[Task requirements]: Entries follow. Give back exactly the lines starting at the one containing "lustro wykonane na" and ending at the one containing "Панель для изучения", and no other lines.
┌─ Records provided
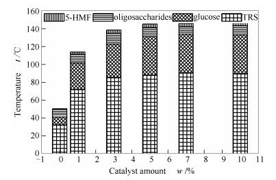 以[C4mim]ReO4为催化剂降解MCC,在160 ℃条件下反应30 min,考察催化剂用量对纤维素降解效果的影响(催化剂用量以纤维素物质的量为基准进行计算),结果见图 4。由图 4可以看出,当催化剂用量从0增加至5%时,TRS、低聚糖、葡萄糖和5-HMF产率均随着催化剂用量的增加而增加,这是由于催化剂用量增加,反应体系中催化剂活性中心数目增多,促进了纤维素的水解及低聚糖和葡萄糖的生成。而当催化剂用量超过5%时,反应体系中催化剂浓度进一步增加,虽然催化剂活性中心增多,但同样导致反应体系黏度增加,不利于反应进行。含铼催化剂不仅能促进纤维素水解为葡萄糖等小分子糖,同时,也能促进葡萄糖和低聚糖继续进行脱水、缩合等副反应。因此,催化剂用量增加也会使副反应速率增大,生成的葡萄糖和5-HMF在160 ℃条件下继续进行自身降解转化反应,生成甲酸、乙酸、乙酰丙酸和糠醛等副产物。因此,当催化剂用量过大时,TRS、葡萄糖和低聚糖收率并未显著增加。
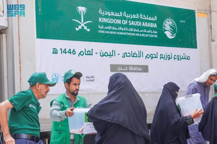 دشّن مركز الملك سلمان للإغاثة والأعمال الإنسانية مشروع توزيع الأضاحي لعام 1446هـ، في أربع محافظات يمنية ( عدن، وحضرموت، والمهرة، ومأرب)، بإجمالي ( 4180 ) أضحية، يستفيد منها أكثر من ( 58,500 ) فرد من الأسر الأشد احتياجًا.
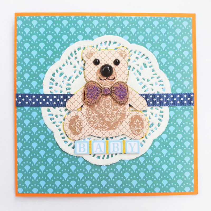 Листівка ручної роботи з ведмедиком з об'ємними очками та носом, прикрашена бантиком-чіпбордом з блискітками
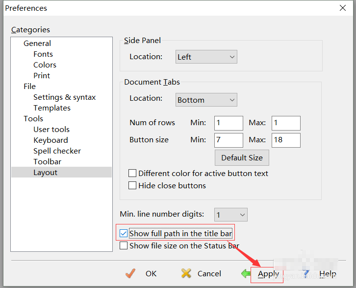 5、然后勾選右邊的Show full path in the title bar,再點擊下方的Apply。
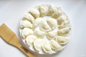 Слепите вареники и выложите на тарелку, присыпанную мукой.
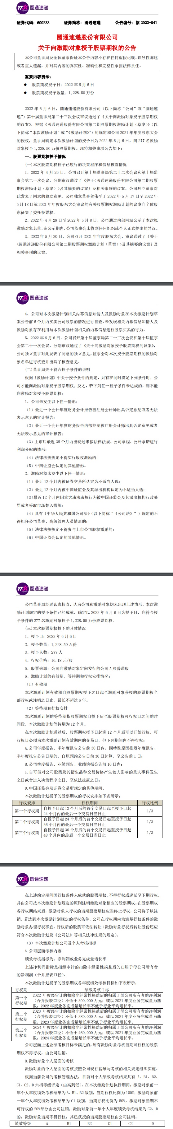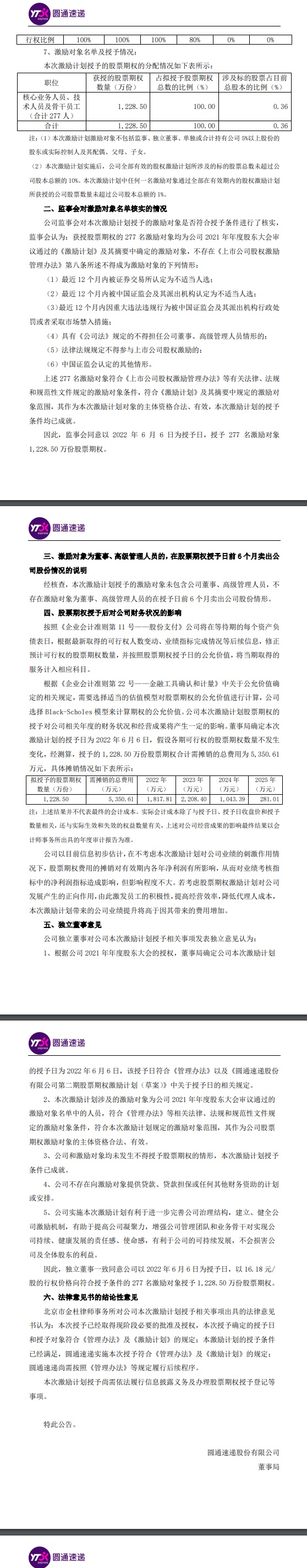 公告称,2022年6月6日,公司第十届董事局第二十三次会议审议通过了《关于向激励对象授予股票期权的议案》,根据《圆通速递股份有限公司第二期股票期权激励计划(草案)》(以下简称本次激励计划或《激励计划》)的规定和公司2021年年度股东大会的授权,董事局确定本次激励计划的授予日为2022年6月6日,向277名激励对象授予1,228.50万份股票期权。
└─
┌─ Records provided
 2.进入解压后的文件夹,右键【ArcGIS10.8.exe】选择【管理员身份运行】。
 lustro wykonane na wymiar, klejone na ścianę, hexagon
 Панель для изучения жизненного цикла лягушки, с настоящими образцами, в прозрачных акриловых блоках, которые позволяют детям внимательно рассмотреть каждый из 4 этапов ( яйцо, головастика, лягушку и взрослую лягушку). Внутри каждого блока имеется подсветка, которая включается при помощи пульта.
└─
[Reply to the task]:
 lustro wykonane na wymiar, klejone na ścianę, hexagon
 Панель для изучения жизненного цикла лягушки, с настоящими образцами, в прозрачных акриловых блоках, которые позволяют детям внимательно рассмотреть каждый из 4 этапов ( яйцо, головастика, лягушку и взрослую лягушку). Внутри каждого блока имеется подсветка, которая включается при помощи пульта.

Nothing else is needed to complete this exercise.